Last Update:02/09/28

「偏に竜の名に恥じず」

「竜馬がゆく」7巻 いろは丸 より


龍馬は維新後、その伝記作者によって「汗血千里駒」という評語をうけた。

汗血というのは「漢書」の武帝紀にあることはで、アラビア産の名馬のことである。

血のように赤い汗をかく、というところから出た言葉だ。

が、それはいい。

とにかく天保六年うまれの、もはやさして若くもなくなっているこの男は、このころからその名のように千里を駈けまわる超人的な活動ぶりを示しはじめていた。

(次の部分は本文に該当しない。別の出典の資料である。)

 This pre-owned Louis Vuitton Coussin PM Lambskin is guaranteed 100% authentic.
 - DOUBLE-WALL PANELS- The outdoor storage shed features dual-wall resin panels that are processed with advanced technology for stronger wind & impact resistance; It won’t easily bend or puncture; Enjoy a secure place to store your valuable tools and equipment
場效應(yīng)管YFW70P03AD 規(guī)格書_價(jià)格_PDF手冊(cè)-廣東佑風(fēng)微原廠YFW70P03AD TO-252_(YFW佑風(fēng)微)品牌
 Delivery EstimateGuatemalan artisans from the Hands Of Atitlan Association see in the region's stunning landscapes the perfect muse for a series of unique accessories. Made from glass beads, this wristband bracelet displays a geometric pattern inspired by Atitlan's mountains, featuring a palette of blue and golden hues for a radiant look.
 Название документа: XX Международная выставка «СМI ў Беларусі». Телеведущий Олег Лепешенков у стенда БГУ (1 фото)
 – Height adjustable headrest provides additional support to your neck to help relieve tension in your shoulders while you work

竜馬は数えて三十三歳である。十代の初期は痴児にちかく、二十代の初期は愚鈍の風貌があり、当時のかれを知る者は、三十三のこんにちの竜馬を、別人としか思えなかったであろう。

もっとも、例外はあった。

かれの盟友の武市半平太のみは二十代初期のころの竜馬を見ぬいて、「土佐の田舎にはあだたぬ者(間尺にあわぬ者)」と評し、この思想を異にした年下の友人のために美しい詩をつくった。

 
 
肝胆元(もと)より雄大

奇機おのずから湧出す

飛潜す、たれか識(し)るあらん

偏(ひとえ)に竜の名に恥じず

 
 
そうは見てくれたが、これは当時、竜馬の仲間でさえ、「竜ノ字にはほめすぎの詩じゃ」といって一場の座興にしてしまったほどだった。

郷党の友人の多くは竜馬をさほどには評価しなかったし、それも当然なところもあった。

多くの同志が、天誅の血に酔っているときに、この天才的な剣客は、航海術に熱中していた。

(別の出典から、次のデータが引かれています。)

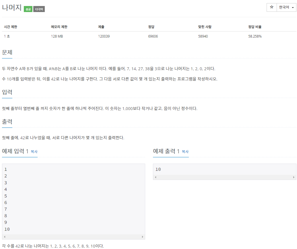 먼저, list에 10개의 숫자를 42로 나눈 나머지를 넣어주고,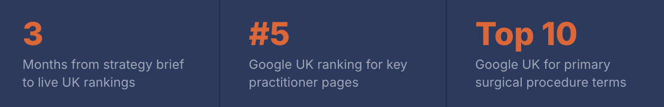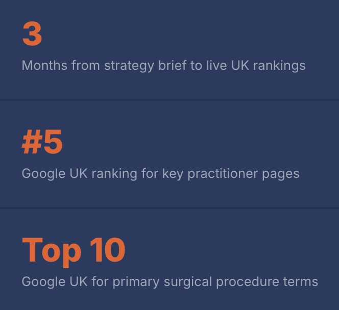 Individual doctor pages ranking position 5 for relevant search terms in the UK market.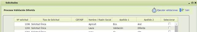 se lanza el proceso de validación diferida en las solicitudes que se hayan seleccionado mediante la casilla “Seleccionar”.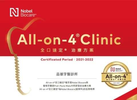 All-on-4 利用「斜張橋」般的特殊力學設計,前面兩顆垂直的植體,後面兩顆 30 度至 45 度的植體,支撐單顎一排 12 顆牙,一日內獲得牙齒、恢復笑容。且品御使用 數位臉掃技術 與 精準植牙系統 ,讓手術時間大幅縮短,更能快速裝上假牙。

およそ激動する時勢と歩調があわず、一見、道草を食っている駄馬にみえた。

竜馬が、武市の予言した、「偏に竜の名に恥じず」といった活動を開始するにいたるのは、三十を越えてからのことである。


竜馬がゆく FUSEが心から推薦する一冊です。
是非読んでみてください。

「竜馬がゆく」
文春文庫
定価 552円

 

依光感想
 
武市半平太の龍馬への友情が分かる文章でとても好きなエピソードです。

人の才能を見抜き、評価して、勇気づける。

誰にもできることではありません。

FUSEも学びたいと思います。